(Toplumsal Özgürlük, Temmuz 2014 sayısı)
Dünya’nın gözü Ortadoğu’da gittikçe büyüyen yangındayken, Asya’da da var olan gerilimler yükselmeye başladı. Bu gerilimlerin en büyüğünü içeren Çin ve Japonya arasındaki gerilim Japonya’nın hamlesiyle yeni bir boyuta ulaştı. Yeni hamle; Japon Başbakanı Shinzo Abe’nin Anayasanın 9. Maddesini değiştirmesi.
Pasifizmden aktivizme
2. Dünya Savaşı’ndan yenilgi ve iki atom bombası felaketiyle çıkmış Japonya’nın anayasası ABD’nin başını çektiği savaşın kazananları tarafından hazırlanmıştı. 1947’de yürürlüğe giren “Barış Anayasası” genel olarak pasifizmi içeriyor, Japonya’nın silahlı kuvvetlerini iç düzeni sağlamakla yükümlü “polis” gücünden ibaret kılıyordu.
Bunu da, anayasanın ünlü 9. Maddesi sağlıyordu: “Adalet ve düzene dayalı bir uluslararası barışa içtenlikle gönül veren Japon halkı; savaşı ulusal egemenlik hakkı, tehdidi ve güç kullanımını da uluslararası çatışmaların çözüm aracı olarak görmekten sonsuza kadar vazgeçmektedir.

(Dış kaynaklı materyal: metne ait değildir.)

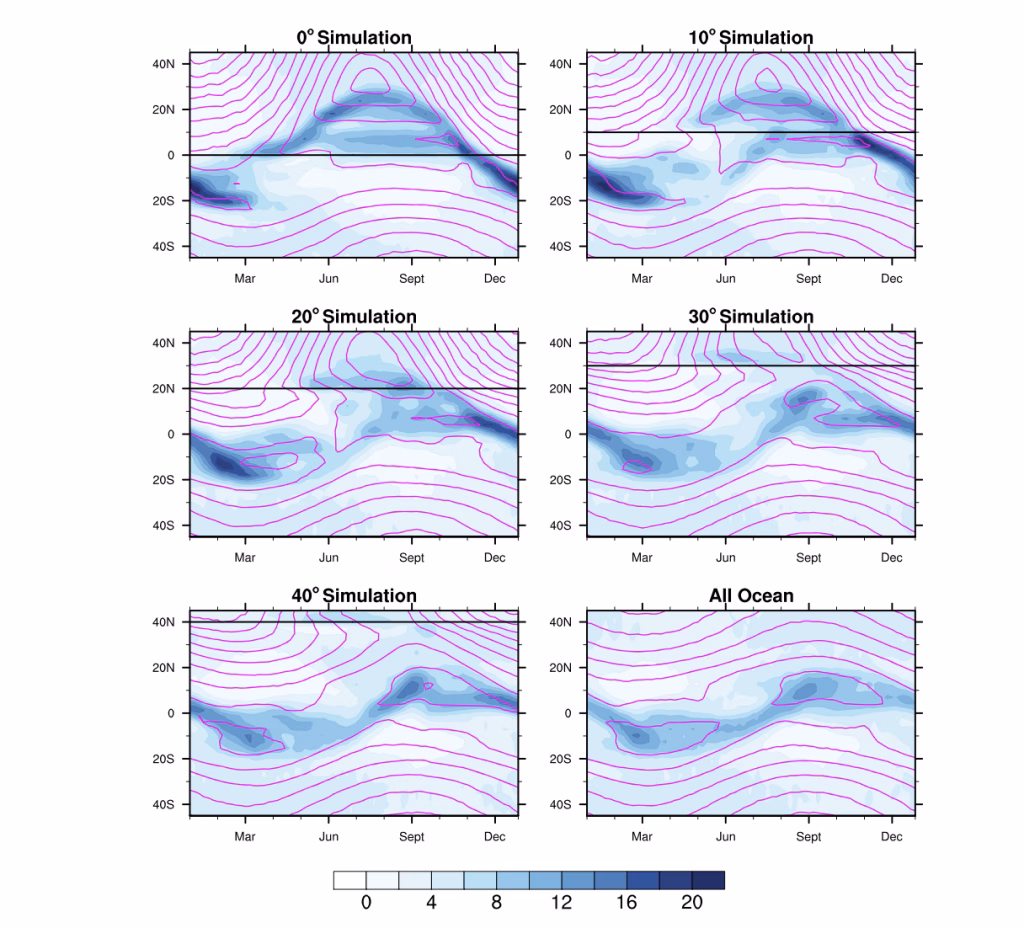Un altro contributo fondamentale di questa letteratura riguarda il ruolo dell’inerzia termica superficiale. Negli aquaplanet con slab ocean poco profondo, la superficie reagisce rapidamente al forcing stagionale e la convergenza tropicale può migrare in modo ampio e quasi monsonico; al contrario, aumentando la capacità termica superficiale, la risposta diventa più smorzata, più simmetrica e maggiormente confinata in prossimità dell’equatore. Questo risultato ha implicazioni teoriche notevoli, poiché suggerisce che l’estensione meridiana e la rapidità della migrazione della pioggia tropicale non dipendano solo dalla geometria del forcing solare, ma anche dal tempo di risposta del sistema superficie-atmosfera. In termini climatici, ciò aiuta a interpretare perché le regioni continentali e oceaniche, o le aree con diverso accoppiamento oceano-atmosfera, possano mostrare regimi stagionali profondamente differenti. Inoltre, tali esperimenti mostrano che la presenza di un monsone intenso richiede non solo un forcing stagionale favorevole, ma anche condizioni tali da permettere alla superficie e alla colonna atmosferica di rispondere con sufficiente ampiezza e rapidità. La dinamica monsonica viene così ricondotta a una combinazione di forcing astronomico, proprietà termiche della superficie e risposta interna della circolazione tropicale.

Devlete hiçbir zaman savaşma hakkı tanınmayacaktır.”
Japonya her ne kadar üst düzey teknolojik savaş araçları üretmiş olsa da, bu “pasifist” çizgiyi uzun süre uyguladı. Fakat 2000 yılından itibaren Afganistan ve Irak savaşına verilen lojistik ve “geri hizmet” destekleriyle birlikte “pasifist” çizgiden ödünler verilmeye başlandı. Nitekim 2007’den sonra 2012’de tekrar iktidara gelen Shinzo Abe’nin “Ulusal Güvenlik Konseyi”ni (Japonya tarihinde ilk kez) kurmasıyla “aktivizm” çizgisine geçiş yapılmıştı.
Ve Abe geçtiğimiz hafta 9.maddeyi, partisi Liberal Demokrat Parti (LDP) ile koalisyon ortağı olan ve “Budizm”e yakın duran Yeni Adalet Partisi’nin desteğiyle değiştirerek, Japonya’nın çatışmalarda ve anlaşmazlıklarda güç kullanabilmesinin önünü açmış oldu.
“Nihon No Kokoro”
Shinzo Abe, “Nihon No Kokoro” yani Japon Ruhu’yla Japonya’yı eski parlak günlerine döndüreceğini söyleyerek neoliberal-milliyetçi bir çizgi izleyeceğini belirtmişti. İktidara geldiğinden bu yana askeri harcamaları artırarak 51 milyar dolara (2013 yılı askeri harcaması) çıkartan Abe, 9. Maddeyi değiştirmekle Çin’e karşı “güvenlik” önlemi almış oldu. Nitekim bu “güvenlik” önlemine en büyük destek ABD’den geldi. ABD Savunma Bakanı Chuck Hagel, ‘Japonya’nın bölgesel ve küresel barış ve güvenliğe daha fazla katkı yapmasını sağlayacak önemli bir adım’ olarak niteledi. Daha önce de ABD Dışişleri Bakanı John Kerry, Çin ve Japonya arasında tartışmalı olan Senkaku/ Diaoyu adaları (petrol ve zengin balık havzalarına sahip adalar) meselesinde Japonya’nın yanında olduklarını belirtmişti.
En büyük tepki ise Çin’in yanı sıra Güney Kore’den geldi. Japonya gibi ABD’nin müttefiği olan G. Kore ‘kendi güvenliğini etkileyecek politika değişikliklerini kabul etmediğini’ bildirdi.
Japonya’nın yanıtı ise geçtiğimiz hafta Kuzey Kore’ye yapılan yaptırımların hafifletilmesi kararını alması oldu. Dolayısıyla bölgedeki gelişmeler ittifak/müttefik dengesinin “değişken” olduğunu gösteriyor.
Bunlarla birlikte “Japon militarizmi”ne karşı köklü bir direniş geleneğine sahip olan Japon halkı, yaptıkları eylemlerle bu madde değişikliğine sert tepki gösterdi. Tokyo’da da bir kişi protesto için kendini yaktı. Abe’nin uyguladığı neoliberal “Abenomi” programının giderek daha çok ezdiği Japon emekçilerin bu “militarist aktivizme”, “sınıf aktivizmi” ile cevap vermesi ise olanak dışı görülemez.